There's also a bunch of folks making variations on the open-source 16n faderbank, but all the ones I've seen have shorter 60mm faders. I have the one from Slate+Ash and it is beautifully done. It does have actual CV outputs on the back if you have a use for them, but like the VS_Fader it does require that you use Chrome to reassign the MIDI CC numbers. I bought normal looking fader caps to replace the Arp Odyssey style rubbery tips that it comes with.









16N → SLATE + ASH


SOLD OUT UNTIL JANUARY 2023 Hand built by Gareth Luke Custom 16n Faderbank used to control electronic musical instruments and devices. Each smooth as silk Alps 60mm fader can send MIDI data through USB or 3.5mm stereo jack, CV (0-5V) through sixteen dedicated jacks, or I2C data through TRS jack...




slateandash.com





Michigan Synth Works make their version of the 16n for both desktop and Eurorack use, and they've got upgraded firmware which has a few more features like CC range etc:









XVI Desktop USB 16 Channel Fader Bank with CV, I2C, and MIDI


USB MIDI IS NOW FIXED ON M1 MACs running Ventura 13.0.1. USB Hub workaround works on previous M1 MacOS versions New Pattern case with Rear mounted I/O USB C Connection Online parameter editor: https://misw.us/editor Edit Midi CC# per channel on USB MIDI and TRS MIDI Outputs Set MIDI CC Range...




michigansynthworks.com





There are also a few on Etsy of all places, most of which use short 60mm faders and require external apps to assign MIDI CC numbers.

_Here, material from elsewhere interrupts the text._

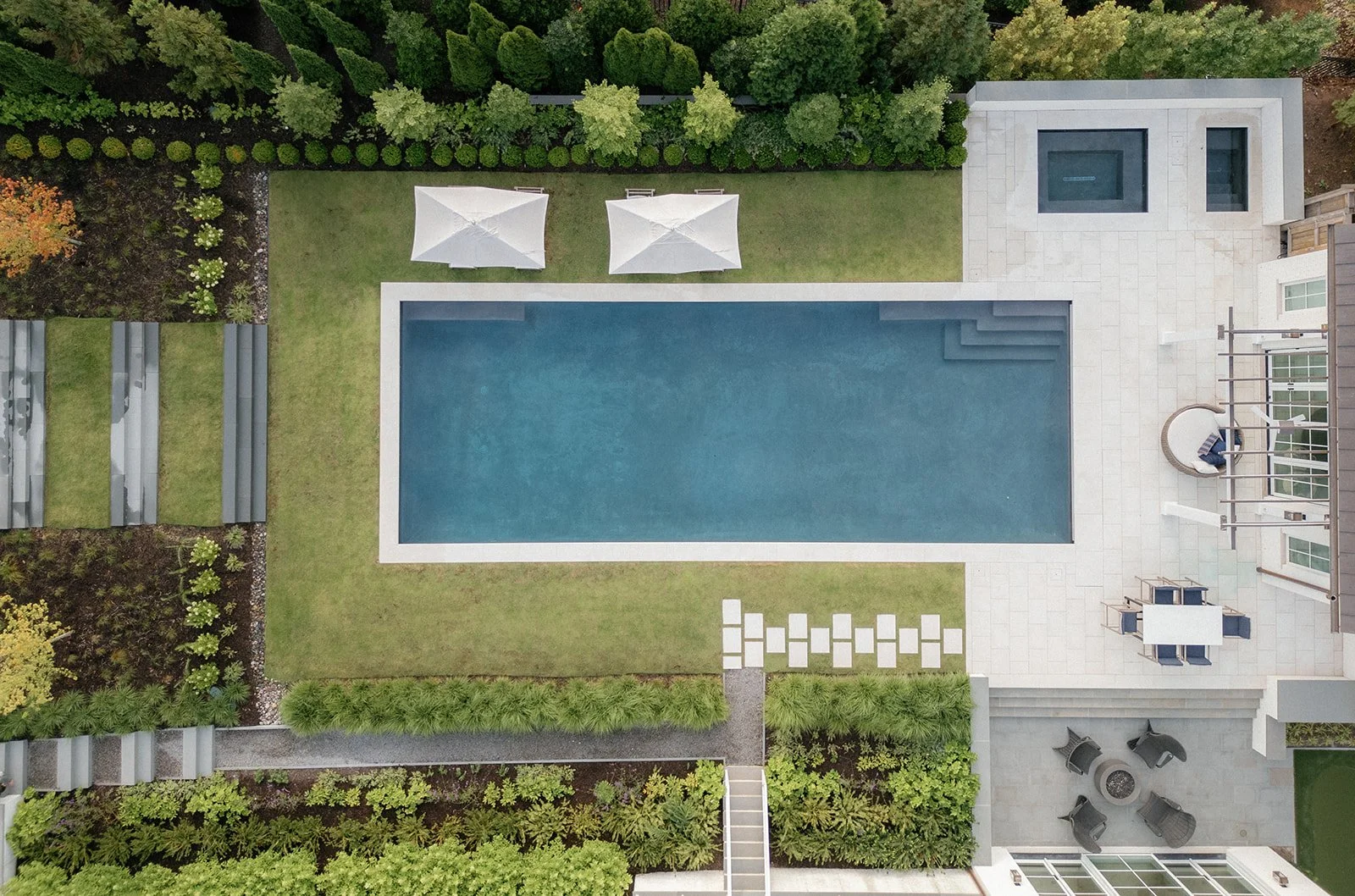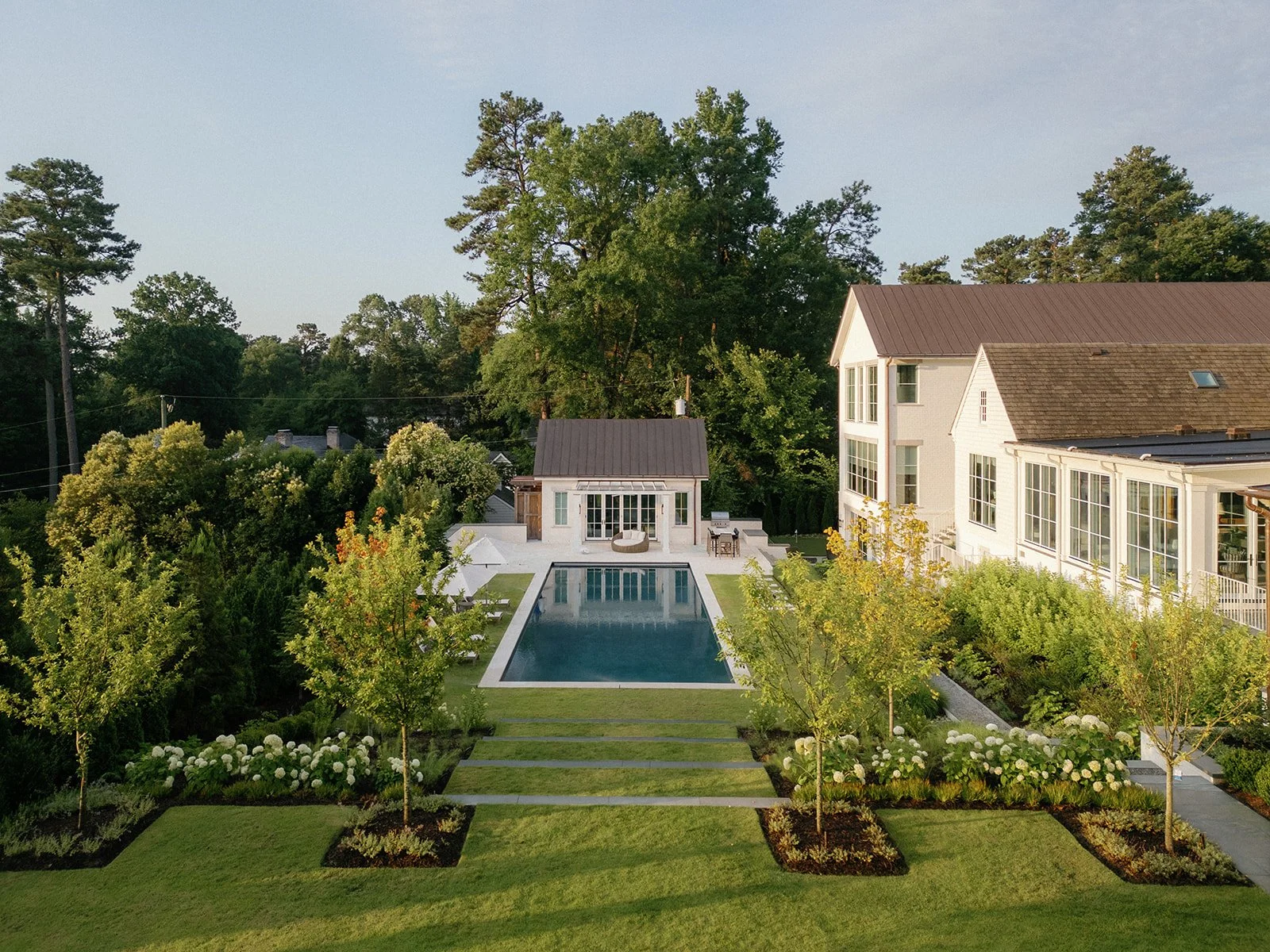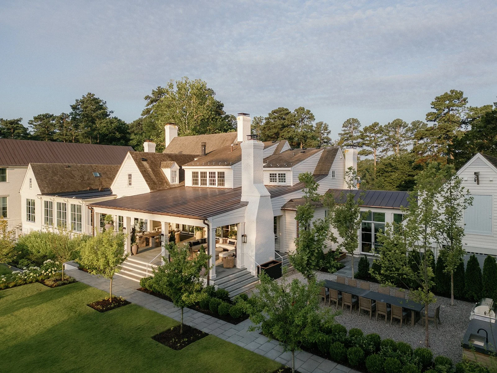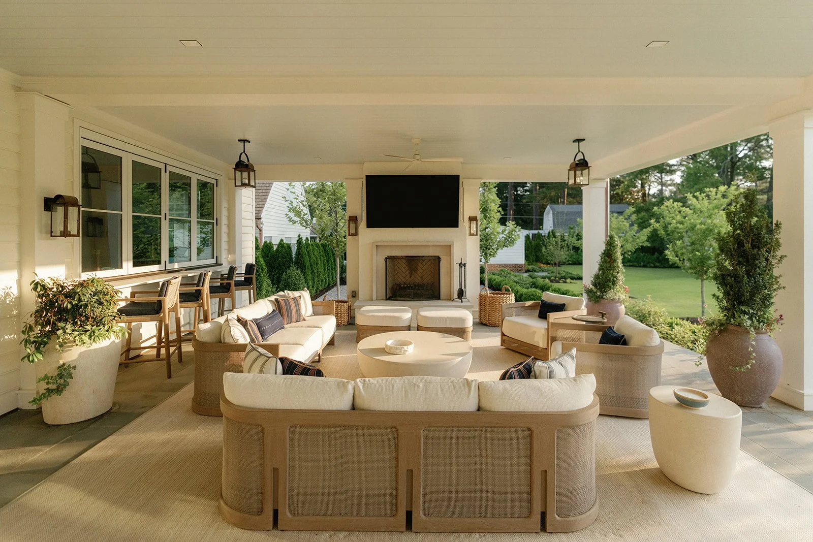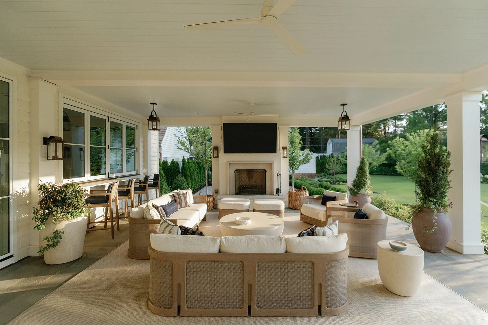 The architecture opens the house to the landscape. Terraces, covered porches, and a reimagined pool area frame the home without overwhelming it. We partnered with Waterstreet Studio, a landscape architecture firm, to shape these exteriors with subtlety and purpose, bringing cohesion to every view and turning the outdoors into a true extension of the home.

But of course these boutique makers come and go, but JL Cooper is here to stay. And the Fadermaster does not need any external app to program the assignments, unlike all of the ones I've linked above.


----------



## Rob Elliott (Sep 16, 2021)

charlieclouser said:


> The price is bonkers, but the FaderMaster is bulletproof, and they got the design and features right the first time. I sold mine almost 20 years ago, and the current unit is identical.
> 
> There are surprisingly few alternatives if you want long-throw (100mm) smooth-gliding faders for MIDI CC control, and all of them are fairly boutique-y.
> 
> ...


Thanks for the information. I'd like to have something like this sitting on my desk for the next decade - future proof if possible. JLcooper is priced bonkers for sure, but....... 

No rush to run out and buy - just started thinking about this change.


----------



## olvra (Sep 16, 2021)




----------



## Rob Elliott (Sep 16, 2021)

olvra said:


>



Come on - give me more.  Do you own one of these. If the slider feel is half as good as these 'look' I may be in.


----------



## Rob Elliott (Sep 16, 2021)

Dang - they are out of stock for the 100 mm ones. :(


----------



## charlieclouser (Sep 16, 2021)

olvra said:


>



Wow! Very nice. Hadn't seen this one before. I like that no additional app is needed for programming. The red color.... not so much. But still seems like a great option.


----------



## PaulieDC (Sep 16, 2021)

I got this one a few weeks back and love it (and it's 80 bucks!):





This item is unavailable - Etsy


Find the perfect handmade gift, vintage & on-trend clothes, unique jewelry, and more… lots more.




www.etsy.com





The guy Jeff makes several versions with more Faders, I only needed three. Right now you order it with preset CC values (fine with me) but he sent an email last week saying that he's working out a utility so we can change that. It may not be the best fader unit for everyone, but I just wanted 3 faders set at 11, 1 and 21 and I couldn't be happier.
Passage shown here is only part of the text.